Other Things I Like About Detroit

On my most recent book tour, I spread out my readings so I would have a little extra time in each city to talk with social justice organizations, visit friends, and have some general fun. At each stop, I asked the locals I met, “If you moved away from [insert city name here], and you were back for only one day, what would you do?”

In Detroit, the answer was pretty unanimous: Belle Isle.

Belle Isle is a nearly-1,000 acre park in the middle of the Detroit River. The park was designed by Frederick Law Olmstead, who was also responsible for Central Park in NYC. While Belle Isle Park is more than 100 acres larger, its annual budget is a mere $2.8 million — compared to Central Parks $43 million — for all physical upkeep and programs.
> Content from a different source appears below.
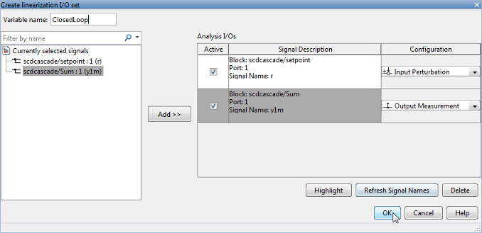 Поскольку требуется изучить общую функцию переноса с замкнутым контуром системы, создайте новый набор операций ввода-вывода линеаризации. На вкладке «Линейный анализ» в раскрывающемся списке «Операции ввода-вывода анализа» выберите Create New Linearization I/Os. Настроить r как входная точка возмущения и выход системы y1m в качестве выходного измерения. Нажмите кнопку ОК.

Unfortunately this means that many of its wonderful resources are unavailable most of the week, or have closed for good: the aquarium, the zoo, the casino.
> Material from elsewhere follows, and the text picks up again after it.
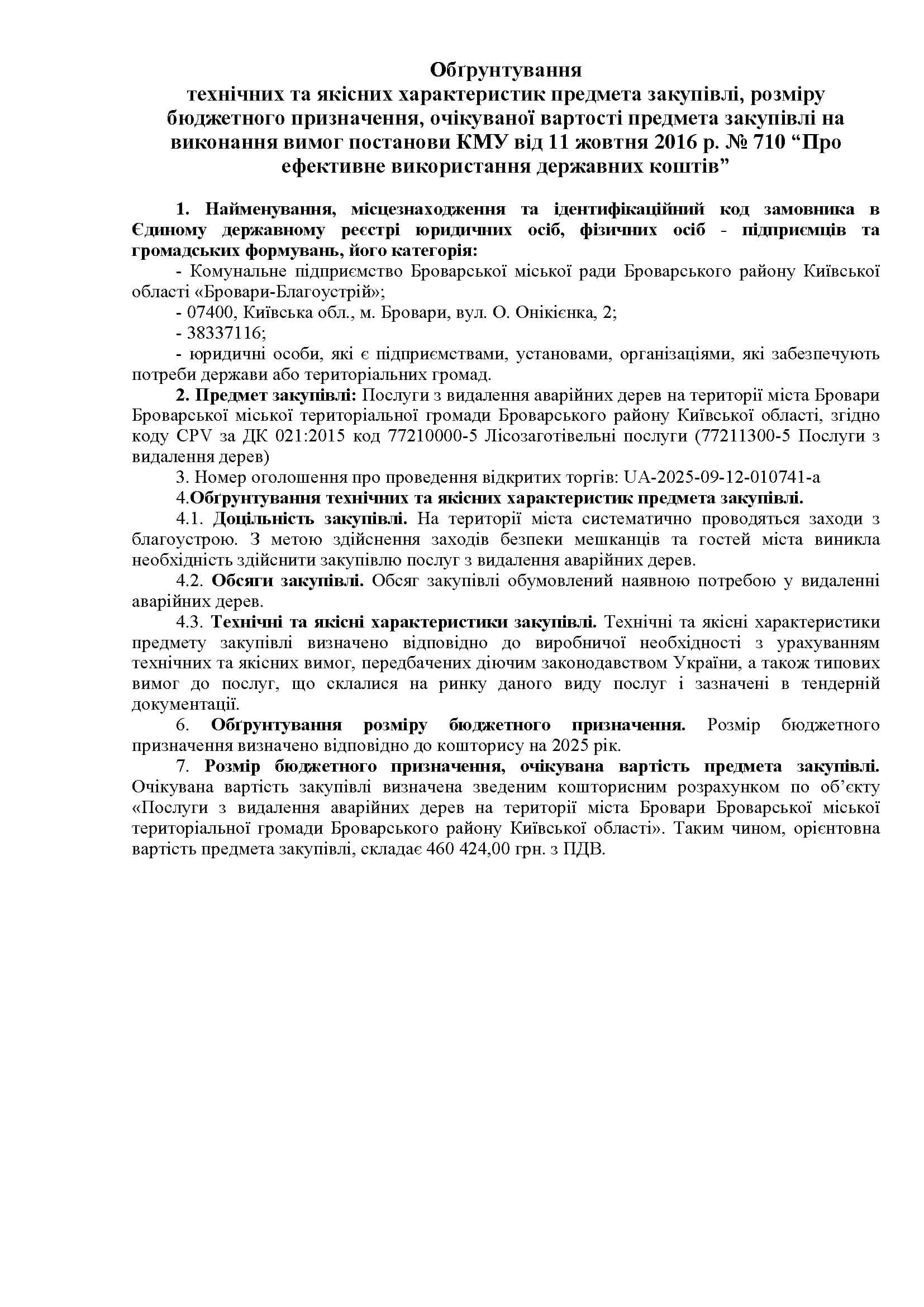 Послуги з видалення аварійних дерев на території міста Бровари Броварської міської територіальної громади

Following are some pictures of Belle Isle, and other things I like about Detroit.

Anna Scripps Whitcomb Conservatory

The Anna Scripps Whitcomb Conservatory, a greenhouse and botanical garden covering 13 acres. Designed by Detroit architect Albert Kahn, it opened in 1904 and is the nation’s oldest conservatory.


Cactus graffiti!

Nancy Brown Peace Carillon

The Nancy Brown Peace Carillon. In 1936—in the midst of the Depression that devastated and impoverished Detroit—Nancy Brown suggested that readers of her column, *Experience,* one of the US’ first personal advice columns, donate their nickels and dimes to build a Peace Carillon on Belle Isle. So many did so that this 850-foot Neo-Gothic tower was built less than 5 years later.


The abandoned Belle Isle Zoo. For more great pictures, see http://detroitfunk.com/?p=2166.

Wild dog on Belle Isle. While staying in downtown Detroit, near the Woodbridge neighborhood, I went out to the corner store and saw pheasants. Who out there has written interesting stuff about Detroit rewilding? Anyone know?


More things (not on Belle Isle) I Like About Detroit:

The Milner Hotel: One of the few independent hotels left in Detroit’s downtown. Alas, I stayed there in the last week they were open. In October 2012, the hotel closed and is being converted into condos (boo). Opened in 1917 during Detroit’s boom years as part of a national chain, the Milner then advertised itself with the slogan, “A Bed and a Bath for a Buck and a Half.”